WHAT TO WORK ON → Only the pictures are dropped; the lines of the material that follow are returned exactly.

RECORDED INFORMATION →
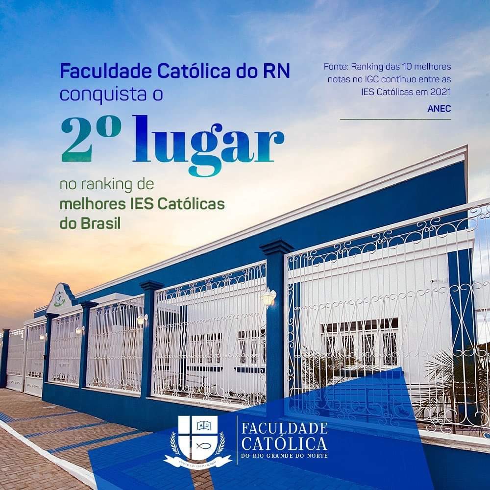 Faculdade Católica do RN conquista o 2º lugar no ranking de melhores IES Católicas do Brasil.
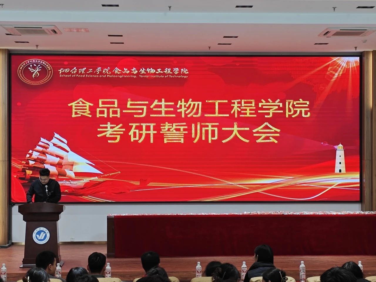 为了激发考研学子斗志,增强学生备考信心,鼓舞学生考研士气,食品与生物工程学院于12月13日下午在综合楼六楼报告厅举行了考研誓师大会,参加本次会议的有食品与生物工程学院党总支副书记温少斐,团总支书记王晶,全体辅导员、毕业班班主任及考研学子。会议由辅导员孙钰涵主持。
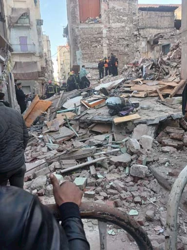 انهار مبنى مأهول بالسكان في منطقة اللبان بحي الجمرك في محافظة الإسكندرية شمال مصر، ما أسفر عن سقوط مصابين.
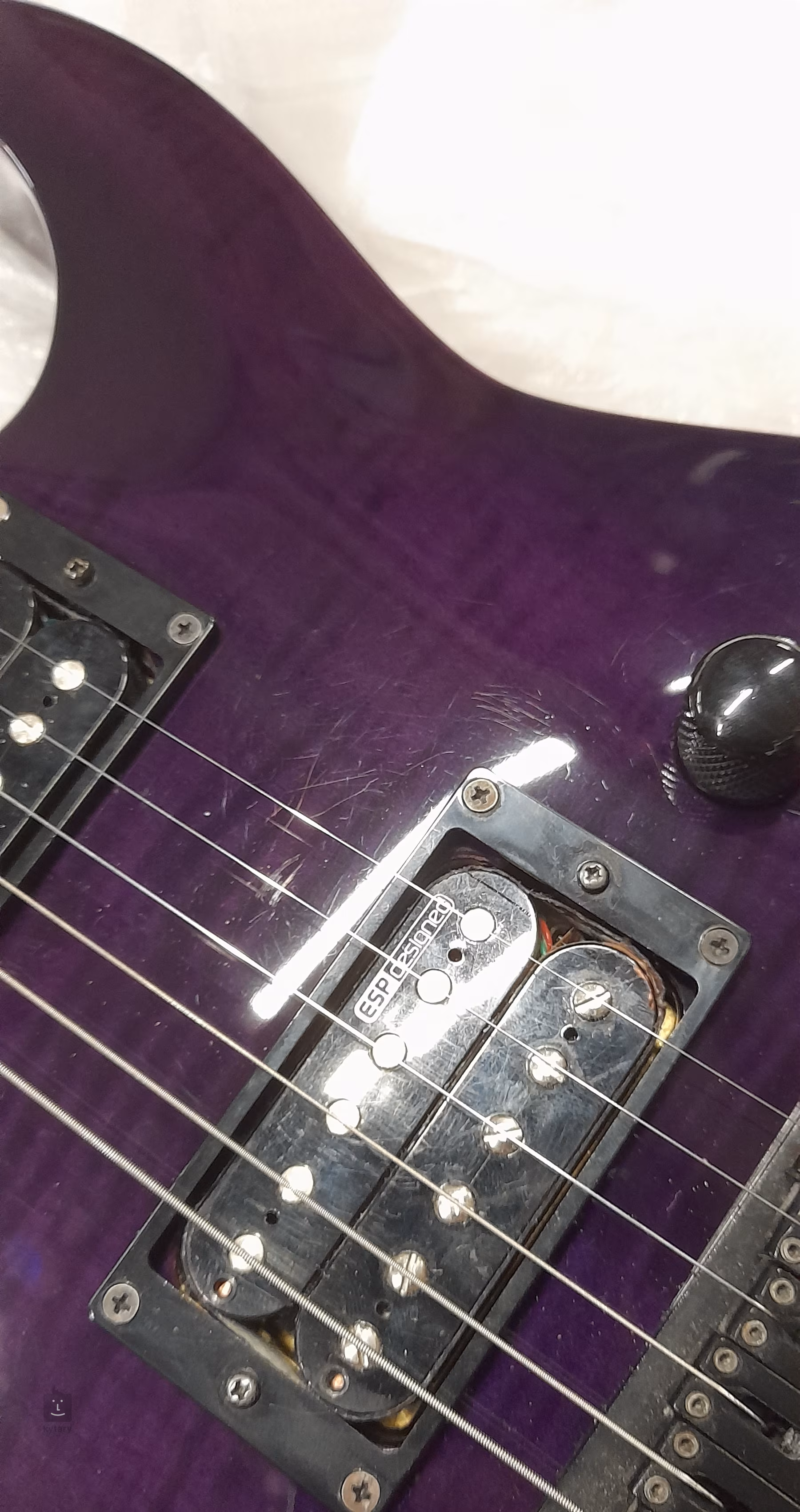 A H-200 FM STP elektromos gitár az LTD 200 sorozat kedvezőbb árú modelljei közé tartozik. Ez egy kiváló minőségű hangszer, amely nemcsak a kezdő gitárosokat fogja örömmel tölteni. A hangszer mahagóni testét látványos, fládrovaný juharfa borítás díszíti. A három darabból álló juharfa nyak a testhez van ragasztva. A jatoba fából készült fogólapot, amelyet brazil cseresznyének is neveznek, huszonnégy Extra Jumbo méretű fekvő osztja. Az elhelyezkedés megkönnyítésére eltolt pozíciójelölések találhatók rajta. Két gyári passzív humbucker biztosítja a gitár hangjának szükséges hajtóerejét. A Push/Pull hangszűrő funkciónak és a humbucker tekercsek szétválasztásának lehetőségének köszönhetően a hangzás palettája single-coil hangszedőkkel bővíthető. A húrok a gyári hangolóművekben és a testbe rögzített szilárd húrtartóban vannak rögzítve. A hangszer stílusos megjelenését a See Thru Purple színű festés és a fekete hardver hangsúlyozza. Az ESP cég 1984 óta foglalkozik elektromos gitárok gyártásával, és elégedett vásárlói között olyan nevek találhatók, mint Kirk Hammett, James Hetfield, Ronnie Wood vagy Max Cavalera. Ezeknek a hangszereknek a népszerűsége nyomán létrejött az LTD leányvállalat, amely a népszerű modelleket megfizethető változatban kínálja. Az ESP-LTD gitárok esetében is nagy hangsúlyt fektetnek a kivitelezés minőségére és a beépített alkatrészekre.

RESPONSE BOX →
 Faculdade Católica do RN conquista o 2º lugar no ranking de melhores IES Católicas do Brasil.
 为了激发考研学子斗志,增强学生备考信心,鼓舞学生考研士气,食品与生物工程学院于12月13日下午在综合楼六楼报告厅举行了考研誓师大会,参加本次会议的有食品与生物工程学院党总支副书记温少斐,团总支书记王晶,全体辅导员、毕业班班主任及考研学子。会议由辅导员孙钰涵主持。
 انهار مبنى مأهول بالسكان في منطقة اللبان بحي الجمرك في محافظة الإسكندرية شمال مصر، ما أسفر عن سقوط مصابين.
 A H-200 FM STP elektromos gitár az LTD 200 sorozat kedvezőbb árú modelljei közé tartozik. Ez egy kiváló minőségű hangszer, amely nemcsak a kezdő gitárosokat fogja örömmel tölteni. A hangszer mahagóni testét látványos, fládrovaný juharfa borítás díszíti. A három darabból álló juharfa nyak a testhez van ragasztva. A jatoba fából készült fogólapot, amelyet brazil cseresznyének is neveznek, huszonnégy Extra Jumbo méretű fekvő osztja. Az elhelyezkedés megkönnyítésére eltolt pozíciójelölések találhatók rajta. Két gyári passzív humbucker biztosítja a gitár hangjának szükséges hajtóerejét. A Push/Pull hangszűrő funkciónak és a humbucker tekercsek szétválasztásának lehetőségének köszönhetően a hangzás palettája single-coil hangszedőkkel bővíthető. A húrok a gyári hangolóművekben és a testbe rögzített szilárd húrtartóban vannak rögzítve. A hangszer stílusos megjelenését a See Thru Purple színű festés és a fekete hardver hangsúlyozza. Az ESP cég 1984 óta foglalkozik elektromos gitárok gyártásával, és elégedett vásárlói között olyan nevek találhatók, mint Kirk Hammett, James Hetfield, Ronnie Wood vagy Max Cavalera. Ezeknek a hangszereknek a népszerűsége nyomán létrejött az LTD leányvállalat, amely a népszerű modelleket megfizethető változatban kínálja. Az ESP-LTD gitárok esetében is nagy hangsúlyt fektetnek a kivitelezés minőségére és a beépített alkatrészekre.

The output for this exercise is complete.